WHAT TO WORK ON.
Transcribe all of the data exactly. Omit the pictures.

GIVEN DATA.
══════════════════════════════
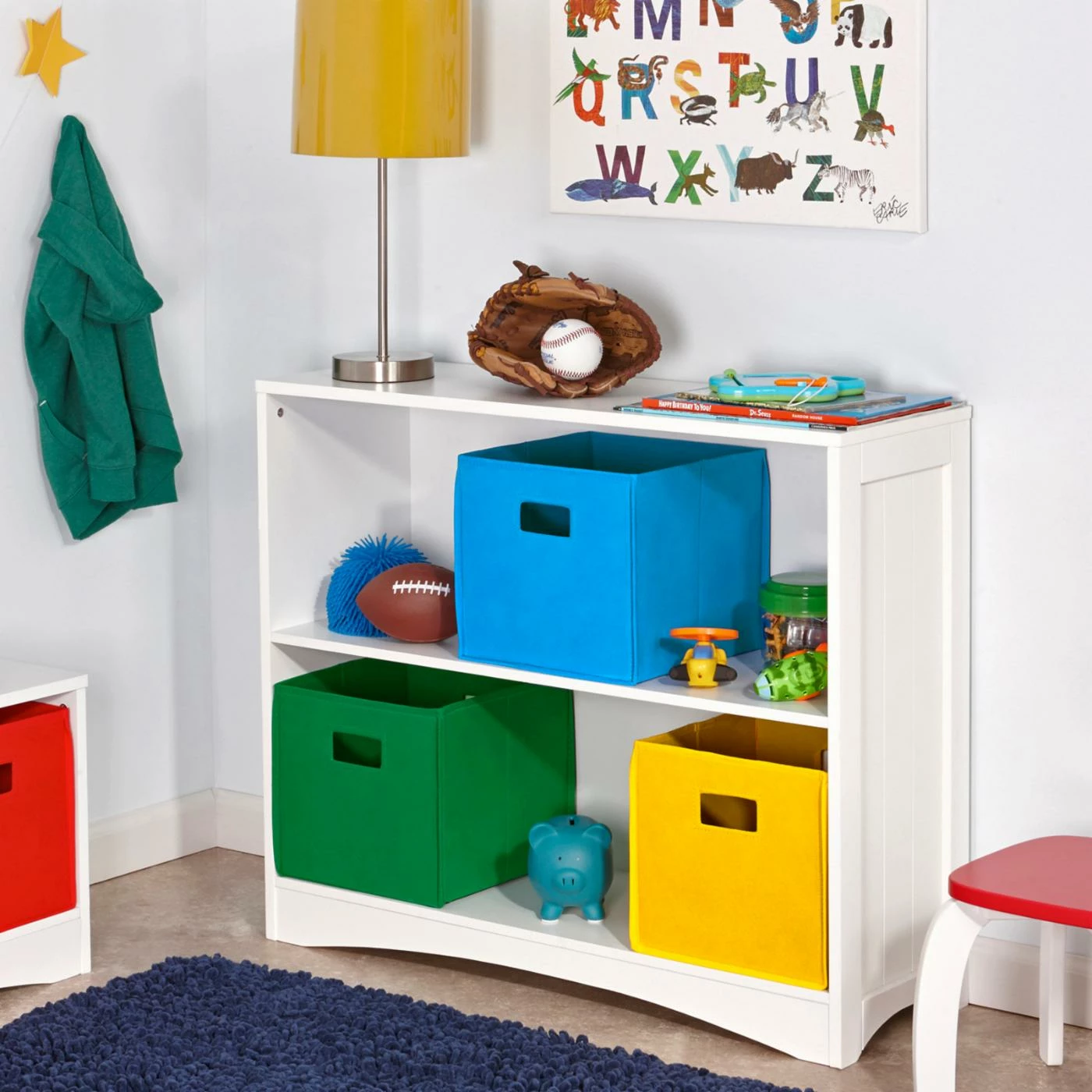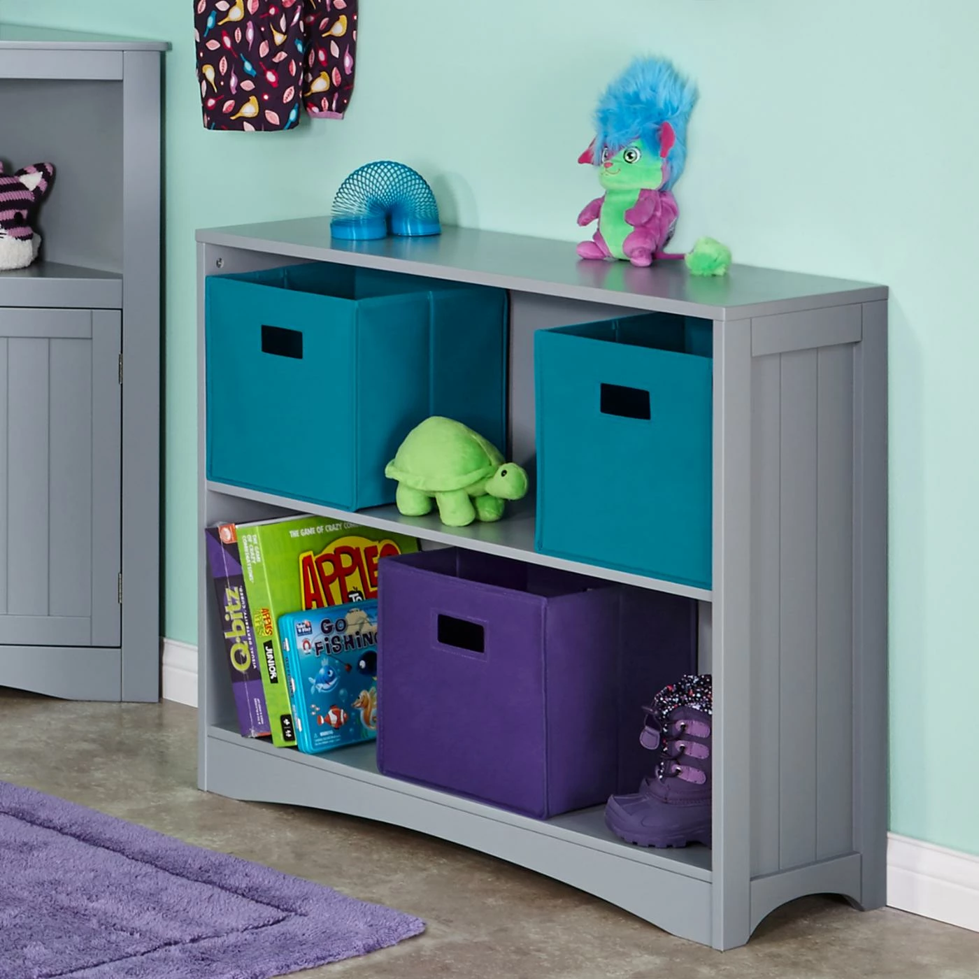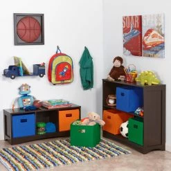 The RiverRidge Home Horizontal Bookcase with two large open shelves and top shelf is an easy way to add storage and display space to kids’ bedrooms or playrooms, while also great for other rooms in the house, such as the family room, entryway or bathroom. This bookcase features classic beadboard panels on the sides, and can accommodate up to three bins on each shelf (sold separately).
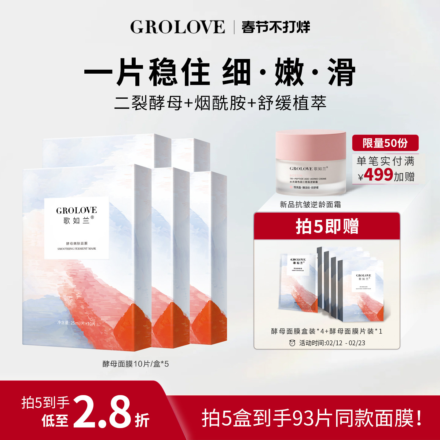 歌如兰酵母空气感贴片面膜肌底液熬夜舒缓补水保湿嫩肤
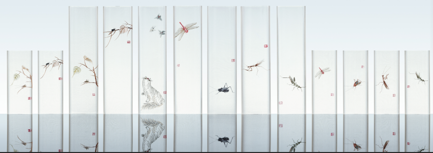 该系列产品充分发掘了传统双面湘绣“绣花花生香,绣鸟鸟闻声”的特点,揉合时尚水晶元素、高科技和创意设计,创制一系列造型简洁、形态多变、手感舒适、极具观赏性的独特功能化产品,并以生活为源点,使人们在日常生活需求中增强了对非遗文化的认知。该系列产品设计精巧,款式别处心裁,注重从人性结构出发,讲究曲线与人接触时的完美吻合,让手感圆润饱满,不仅仅追求设计简约,同时倡导自然、质朴、简约的生活方式。不仅反映了湖南湘绣精湛手工艺,同时也再现了“白石老人”的绘画艺术,由于采用了湘绣独特针法,使得作品中的虫儿纤毫毕现,灵气逼人,细致入微,具有极高的观赏价值和艺术趣味。
══════════════════════════════
RESULT.
 The RiverRidge Home Horizontal Bookcase with two large open shelves and top shelf is an easy way to add storage and display space to kids’ bedrooms or playrooms, while also great for other rooms in the house, such as the family room, entryway or bathroom. This bookcase features classic beadboard panels on the sides, and can accommodate up to three bins on each shelf (sold separately).
 歌如兰酵母空气感贴片面膜肌底液熬夜舒缓补水保湿嫩肤
 该系列产品充分发掘了传统双面湘绣“绣花花生香,绣鸟鸟闻声”的特点,揉合时尚水晶元素、高科技和创意设计,创制一系列造型简洁、形态多变、手感舒适、极具观赏性的独特功能化产品,并以生活为源点,使人们在日常生活需求中增强了对非遗文化的认知。该系列产品设计精巧,款式别处心裁,注重从人性结构出发,讲究曲线与人接触时的完美吻合,让手感圆润饱满,不仅仅追求设计简约,同时倡导自然、质朴、简约的生活方式。不仅反映了湖南湘绣精湛手工艺,同时也再现了“白石老人”的绘画艺术,由于采用了湘绣独特针法,使得作品中的虫儿纤毫毕现,灵气逼人,细致入微,具有极高的观赏价值和艺术趣味。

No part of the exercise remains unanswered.